(STORED DATA)
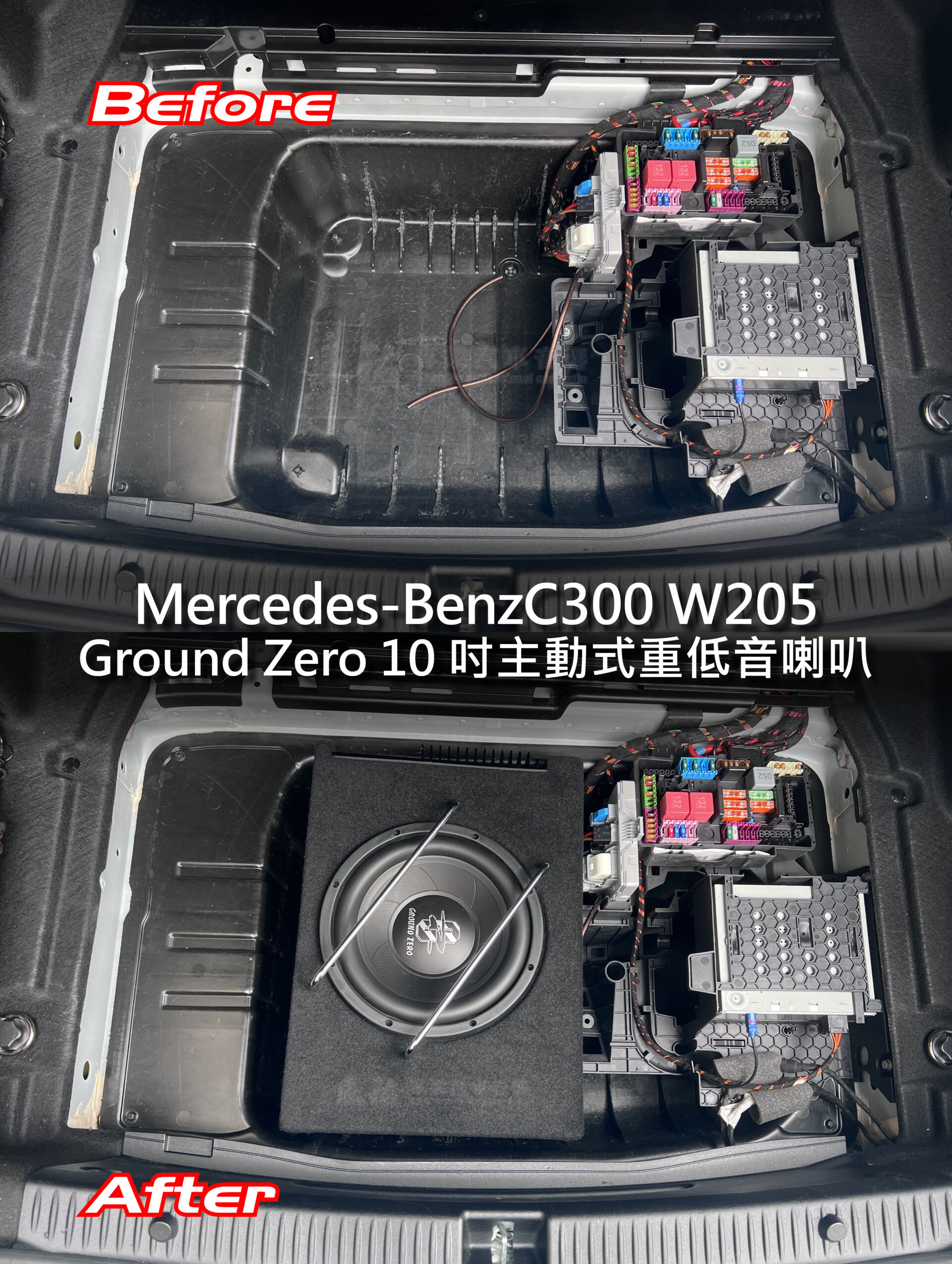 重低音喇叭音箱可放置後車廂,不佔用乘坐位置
(End STORED DATA)
(STORED DATA)
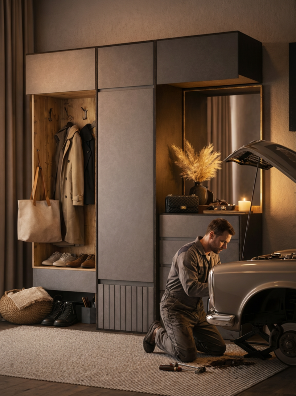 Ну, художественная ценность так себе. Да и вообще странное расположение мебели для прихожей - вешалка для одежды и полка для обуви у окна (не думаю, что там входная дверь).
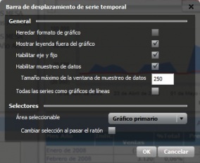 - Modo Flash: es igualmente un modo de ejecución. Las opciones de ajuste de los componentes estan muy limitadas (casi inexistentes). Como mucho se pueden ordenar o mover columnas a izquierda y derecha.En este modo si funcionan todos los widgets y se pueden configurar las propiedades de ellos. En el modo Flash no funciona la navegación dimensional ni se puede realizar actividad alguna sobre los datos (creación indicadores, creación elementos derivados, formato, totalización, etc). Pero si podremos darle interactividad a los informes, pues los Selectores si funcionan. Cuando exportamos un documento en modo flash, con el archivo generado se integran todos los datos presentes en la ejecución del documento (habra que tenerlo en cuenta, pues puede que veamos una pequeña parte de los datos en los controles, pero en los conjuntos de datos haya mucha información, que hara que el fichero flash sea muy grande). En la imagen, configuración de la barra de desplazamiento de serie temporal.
(End STORED DATA)
(STORED DATA)
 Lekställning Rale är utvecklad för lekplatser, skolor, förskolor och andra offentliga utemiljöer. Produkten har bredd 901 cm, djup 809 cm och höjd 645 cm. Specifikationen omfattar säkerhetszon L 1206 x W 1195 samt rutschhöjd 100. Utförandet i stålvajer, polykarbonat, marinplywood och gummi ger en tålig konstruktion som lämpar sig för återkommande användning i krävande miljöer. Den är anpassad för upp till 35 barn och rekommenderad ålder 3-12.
(End STORED DATA)
• ABOUT THIS TASK:
Copy only the lines above from the one containing "Ну, художественная ценность" through the one containing "- Modo Flash: es", both included. Leave out the pictures.

• OUTPUT FOR THIS EXERCISE:
 Ну, художественная ценность так себе. Да и вообще странное расположение мебели для прихожей - вешалка для одежды и полка для обуви у окна (не думаю, что там входная дверь).
 - Modo Flash: es igualmente un modo de ejecución. Las opciones de ajuste de los componentes estan muy limitadas (casi inexistentes). Como mucho se pueden ordenar o mover columnas a izquierda y derecha.En este modo si funcionan todos los widgets y se pueden configurar las propiedades de ellos. En el modo Flash no funciona la navegación dimensional ni se puede realizar actividad alguna sobre los datos (creación indicadores, creación elementos derivados, formato, totalización, etc). Pero si podremos darle interactividad a los informes, pues los Selectores si funcionan. Cuando exportamos un documento en modo flash, con el archivo generado se integran todos los datos presentes en la ejecución del documento (habra que tenerlo en cuenta, pues puede que veamos una pequeña parte de los datos en los controles, pero en los conjuntos de datos haya mucha información, que hara que el fichero flash sea muy grande). En la imagen, configuración de la barra de desplazamiento de serie temporal.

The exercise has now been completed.